# Norwegian Open 2010



## Meisen (Oct 29, 2009)

Info and registration: http://folk.ntnu.no/roarbakk/rubik/index.php

We've got 3.5 months to practise ppl


----------



## (X) (Oct 29, 2009)

Im definately coming 

Why aren't people signing up for Pyraminx???? :O We have to have a pyraminx event


----------



## tlm1992 (Oct 29, 2009)

(X) said:


> Im definately coming



Guess i'm too, then


----------



## MrMoney (Oct 30, 2009)

I will be there


----------



## Crossed (Oct 30, 2009)

Already signed up!
I bet this year it's gonna be alot bigger, and alot more fun.


----------



## tehmaxice (Oct 30, 2009)

I've just ordered a pyraminx, so I'll probably sign up for that as well.

Btw: Free T-shirts for everyone this year


----------



## Meisen (Oct 30, 2009)

And free pizza!! Can't beat that


----------



## CharlieCooper (Oct 30, 2009)

I really want to come to this, I hope I can make it!


----------



## AvGalen (Oct 30, 2009)

Please, please, please organise a finish tournament the weekend before or after.

I can totally see me coming to 1 competition, a week of snowboarding and/or travelling to the other competition, the other competition and then going home (or directly on my way to Asia?)


----------



## Rune (Oct 30, 2009)

AvGalen said:


> Please, please, please organise a finish tournament the weekend before or after.
> 
> I can totally see me coming to 1 competition, a week of snowboarding and/or travelling to the other competition, the other competition and then going home (or directly on my way to Asia?)



It could be a tournament in the north of Sweden at that time.


----------



## MAHTI-ANSSI (Oct 30, 2009)

The Saturday after Norwegian Open would probably be possible for Helsinki Open, but the competition has traditionally lasted only for about 5 hours, so there isn't time for very many events.
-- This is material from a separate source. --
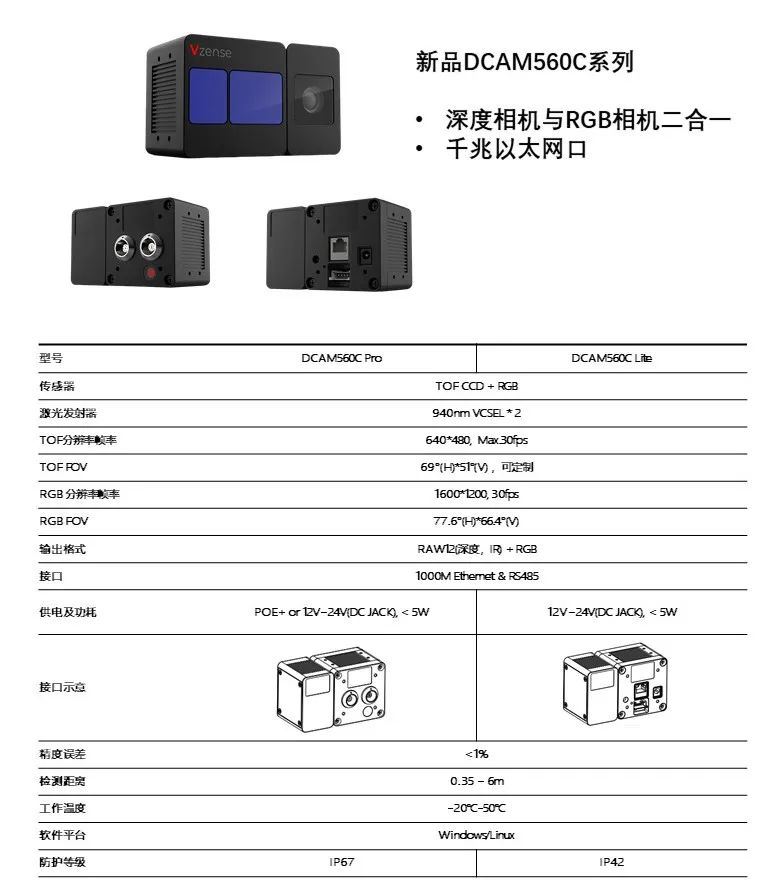 DCAM560C產(chǎn)品系列集成了團(tuán)隊(duì)近年來的研究成果,將2D RGB圖像與3D ToF面陣相機(jī)技術(shù)相結(jié)合,輸出在時(shí)間和空間上重合的RGB和3D圖像,每個(gè)像素都參與測距,不僅可以在獲取XY軸方向圖像的基礎(chǔ)上還能獲取Z軸方向上的距離信息,從而獲得高精度的深度圖,實(shí)現(xiàn)“三次元空間的感知能力”,用以滿足工業(yè)級客戶不同的使用場景,適用于工業(yè)自動化,智能物流,智慧駕駛,智能安防,3D建模等需要3D感知物體與環(huán)境、構(gòu)建3D模型并進(jìn)行分析的領(lǐng)域。

If that isn't an obstacle, then welcome.


----------



## CharlieCooper (Oct 30, 2009)

I love what Arnaud suggests  that would make the trip PERFECT, especially as I have holidays around then.


----------



## TheBB (Nov 1, 2009)

This will be awesome. Congrats on being the first announced competition of 2010, I guess. 

Meisen, do I know you?


----------



## anders (Nov 1, 2009)

Heia Norge 



AvGalen said:


> Please, please, please organise a finish tournament the weekend before or after.
> 
> I can totally see me coming to 1 competition, a week of snowboarding and/or travelling to the other competition, the other competition and then going home (or directly on my way to Asia?)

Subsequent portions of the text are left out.